B. In connection with services rendered or to be rendered by the Optionee to a French subsidiary of NV (hereinafter, the "Employer") and to encourage the Optionee's contribution to the success and progress of the NV group, NV desires to grant the Optionee the opportunity to acquire a proprietary interest in its shares.
C. In accordance with the Plan, the Supervisory Board acting upon recommendation of the Remuneration Committee (as defined below) has as of the Effective Date granted to the Optionee an option to purchase shares of common stock of NV (such shares referred to herein as the "Shares"), such Option being convertible under certain circumstances into an SAR (as defined below) subject to the terms and conditions of the Plan and this Agreement.
AGREEMENT
1. Definitions. Capitalized terms used herein shall have the following meanings:
"Act" is defined in Section 9.
"Affiliate" of any Person means any other Person Controlling, Controlled by or under common Control with such Person.
"Agreement" is defined in the preamble.
"Cause" means termination of the Optionee's employment at the option of the Employer because the Optionee (i) has been convicted of, or has pled guilty or nolo contendere to a felony or a crime involving moral turpitude, (ii) has embezzled or misappropriated Gucci funds or property, (iii) has continued use of alcohol or drugs to an extent that interferes with the performance by Optionee of the Optionee's employment responsibilities, or (iv) has violated a material term of employment.
"Comparator Company" means each of Bulgari, Coach, Hermes, LVMH, Richemont, Xxxx Xxxxx Xxxxxx, Xxxxxxx and Tod's, or such other publicly traded luxury goods companies as the Remuneration Committee may from time to time designate.
"Comparator Enterprise Value/EBITA Ratio" means the average of the Enterprise Value/EBITA ratios for each Comparator Company, as adjusted in the discretion of the Remuneration Committee to address any significant distortions resulting from particular facts and circumstances prevailing at the time in respect to any particular Comparator Company. Each such ratio shall be the Enterprise Value of the Comparator Company divided by such Comparator Company's EBITA for the twelve months ended at the end of the Comparator Company's most recently completed fiscal quarter.

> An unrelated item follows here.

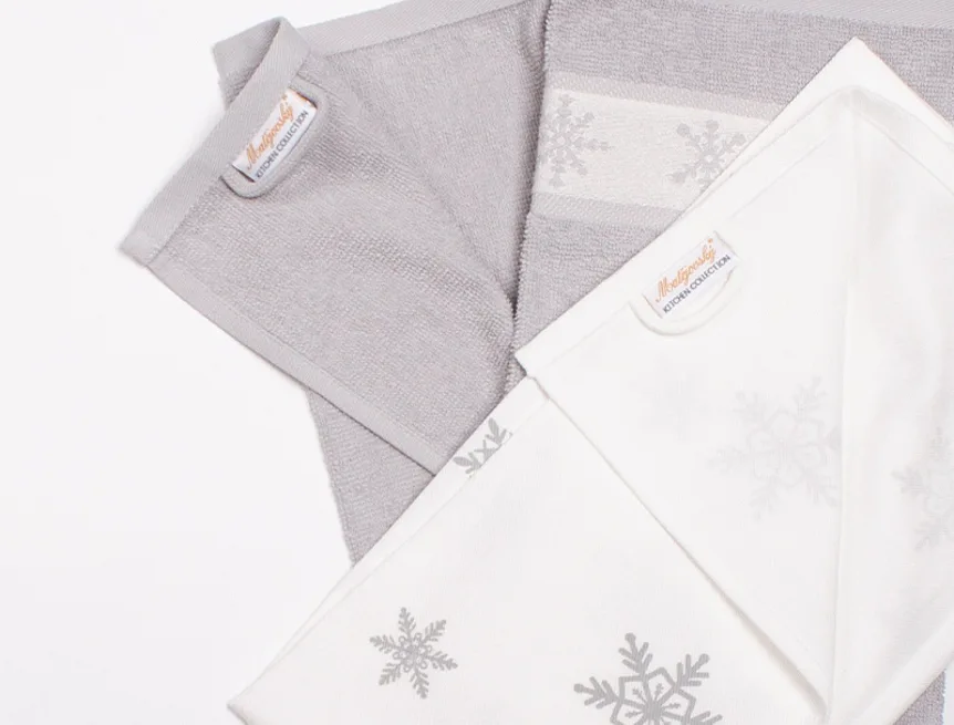 Svátky začínají v kuchyni! Vyšperkujte ji novou kolekcí potištěných froté utěrek ze 100% bavlny.

"Comparator Price/Earnings Ratio" means the average of the Price/Earnings ratios for each Comparator Company, as adjusted in the discretion of the Remuneration Committee to address any significant distortions resulting from particular facts and circumstances prevailing at the time in respect to any particular Comparator Company. Each such ratio shall be the average market price per share of Comparator Company shares (determined on the basis of the average closing market price over the 30 trading days preceding its most recently completed fiscal quarter and its average number of shares outstanding during such 30 day period) divided by such Comparator Company's net income per share for the twelve months ended at the end of the most recently completed fiscal quarter (determined on the basis of its average number of shares outstanding during the 30 trading days preceding its most recently completed fiscal quarter).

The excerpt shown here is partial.